Новые власти назначили его уполномоченным по заготовкам, и он продолжал, распаляясь. — Если бы вы знали, что у меня творится против советской власти и большевиков вот здесь. Он постучал кулаком себе в грудь. — Это же надо подумать, тещу за Урал сослали, в кандалы одели.
Он готов был распахнуть свою грудь, чтобы показать односельчанам, какое пламя там горит и бушует.
Продажной собаке тоже были брошена очередная кость.
— Граждане, господа! А сколько я утащил зерна из кладовых колхоза! Одному только богу известно, — вспоминал опытный злодей Зенусь Софроновский. — Делал я это таким образом, что думай, — не додумаешься. Друг мой кладовщик закроет меня в амбаре, насыпаю мешочки, в закромах всего — радуйся душа. Темной ноченькой кладовщик откроет, перенесу мешки. Хватало и ему и мне. А с овцами, что мы проделывали, страшно вспомнить, — нахлынули воспоминания на продажного ворюгу.
Помню, подозрения имел тогда председатель на этого ворюгу. Помешала война. А сейчас он всплыл. Много покрал, а теперь козыряет этим, да побольше выклянчивает кусок у оккупантов…
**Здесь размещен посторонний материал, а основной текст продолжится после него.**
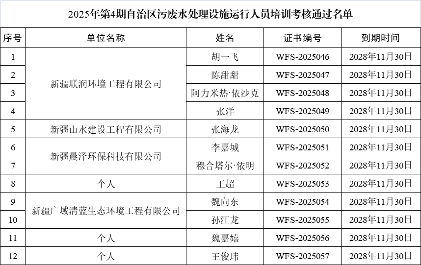 名单公布 | 2025年第4期自治区污废水处理工培训班考核通过名单公布
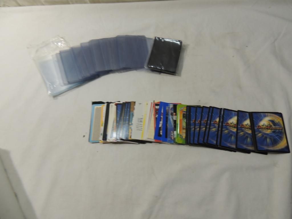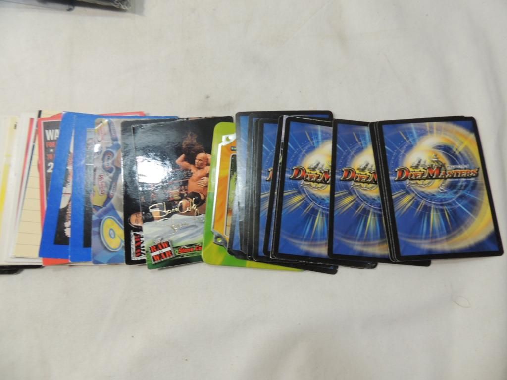 BOX LOT ASSORTED GAME TRADING CARDS WRESTLING TRADING CARDS AND CARD SLEEVES. AS SHOWN SEE PHOTO FOR MORE DETAILS.
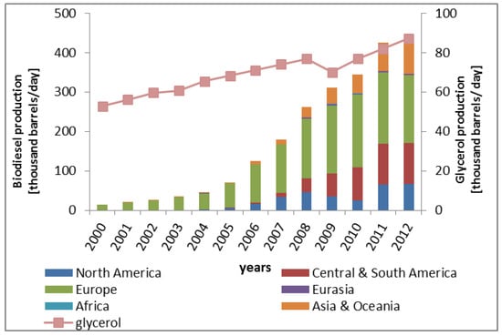 The need for replacing fossil fuels is driving the development of renewable fuels such as biodiesel. In the period 2000–2012, biodiesel production increased from 15 to 430 thousand barrels (Figure 1) [,,]. In the process of producing biodiesel from the transesterification of vegetable oils, glycerol (propane-1,2,3-triol) is produced as by-product. Typically, the production of 100 kg of biodiesel yields approximately 10 kg of glycerol, with purity of around 50%–55% [].
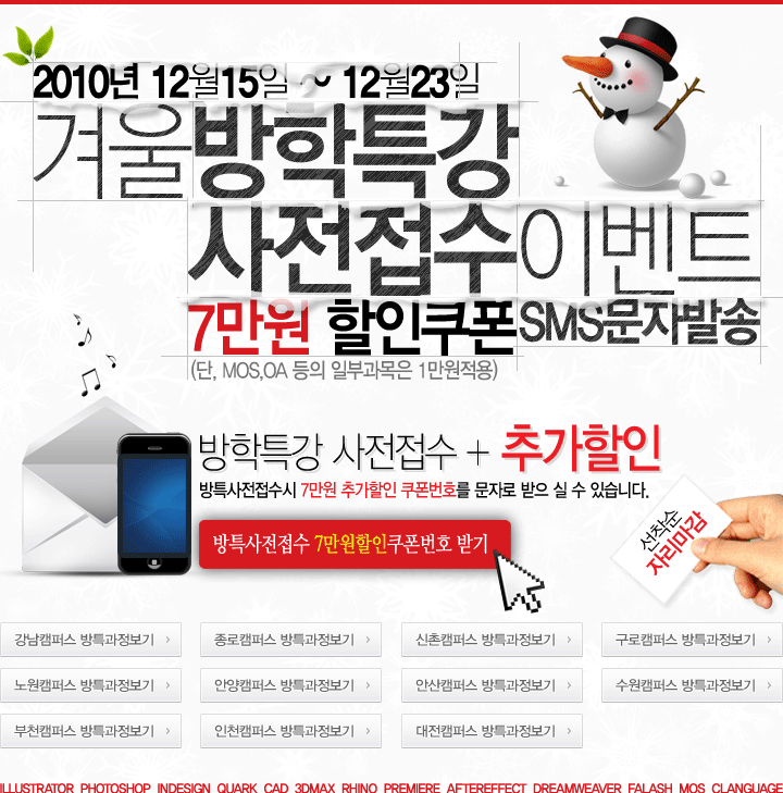 하이미디어 [종료] 겨울방학특강 사전접수이벤트 Post. 2010.11.19 겨울방학특강 사전접수이벤트 이벤트 기간내에 사전접수 하시면 7만원 할인쿠폰를 SMS문자로 받으 실 수 있습니다.
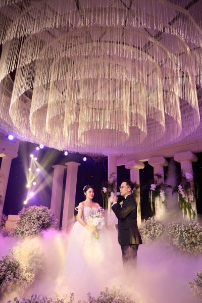 Đám cưới được cô dâu chú rể lên kế hoạch chuẩn bị từ 2 tháng trước, với số lượng hoa rất lớn và công phu, gồm hơn 1 tấn 5 hoa và 3 tấn bối cảnh, tiểu cảnh để xuất hiện. Tất cả đều được chỉ đạo bởi nhà thiết kế Lâm Lâm và hơn 100 nhân sự.
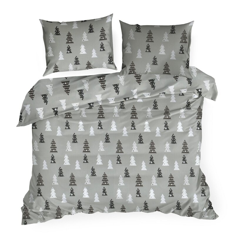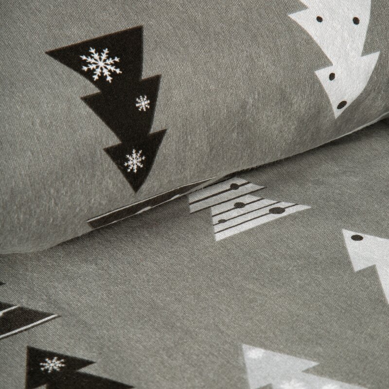 Pościel świąteczna 220x200 Lenon – szara flanelowa z choinkami Eurofirany
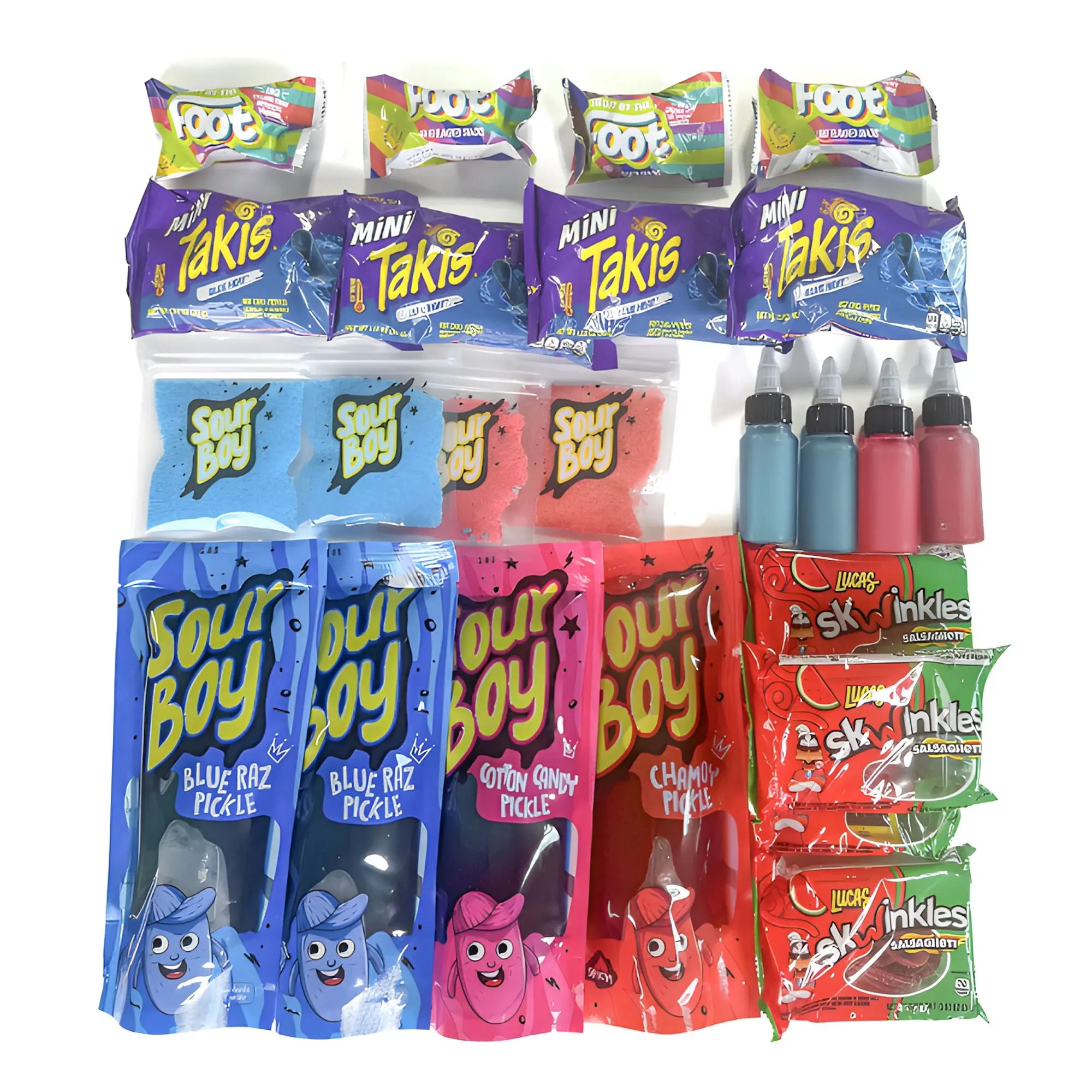 Would’ve rated it 5 stars but the skwinkles are OLD and clumped together and HARD! Pickle and candy powder were the best! Blue razz tasted good.

Неприятный осадок остался у честных людей от участия в том собрании, от того, что довелось услышать им. Сколько, оказывается, подлых и продажных людей жило рядом. Да, не разобрались с ними в свое время и сейчас вот они юродствуют, хвалятся своими черными делами и делишками, своей продажностью и подлостью. А ведь большая часть наших сельчан были людьми трудовитыми и честными, жили с мозоля, и не зарились на колхозное, не разворовывали, а умножали его ценой своего самоотверженного труда. Взять бы того же Петра Макея. Преданный человек, справедливый. До самого раздела колхоза был бригадиром. Да каким бригадиром! Внимательный, трудолюбивый. И сейчас, при дележе, не выдержал он такого гнусного подхода к делу, не смирился с тем, что отдельные крысы выползли из своих нор и норовят урвать побольше народного добра.
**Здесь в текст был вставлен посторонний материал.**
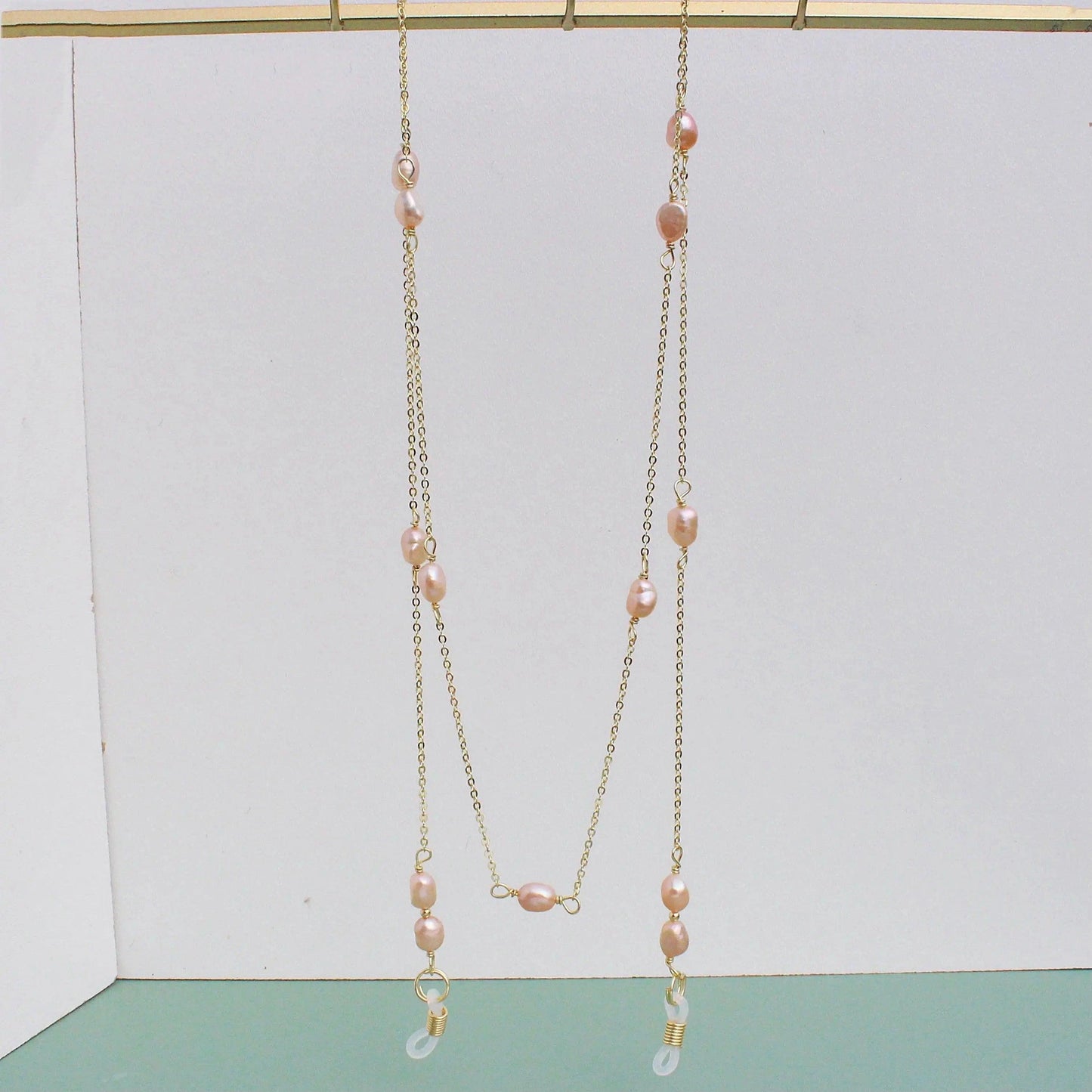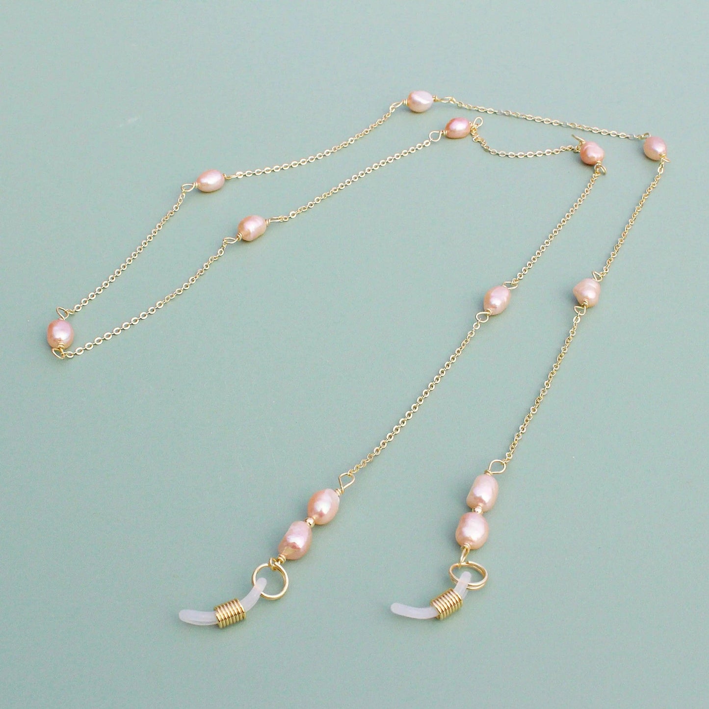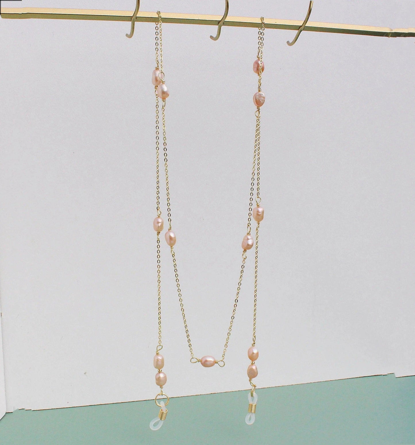 Elegante catena per occhiali fatta a mano con perle barocche uniche e placcata oro vero 18 carati. Design elegante e unico che si abbina a qualsiasi occhiale da vista o da sole.

— Товарищи! Как же это так, это же непорядок, это же несправедливо! Злодеев никогда не любил народ. Мы спины гнем, по вязке сено таскаем с болота, в воде по пояс, по кочкам спотыкаемся. А вредители, видишь ли, лошадку одним махом валят, мешочки ночью тащат.
Макей до того распалился, что забыл даже с кем имеет дело. Он всегда так на собраниях до войны распекал разгильдяев. Обращение «товарищ» так свыклось с ним, что представители новых властей и полицаи подумали, не издевается ли над ними этот простой труженик.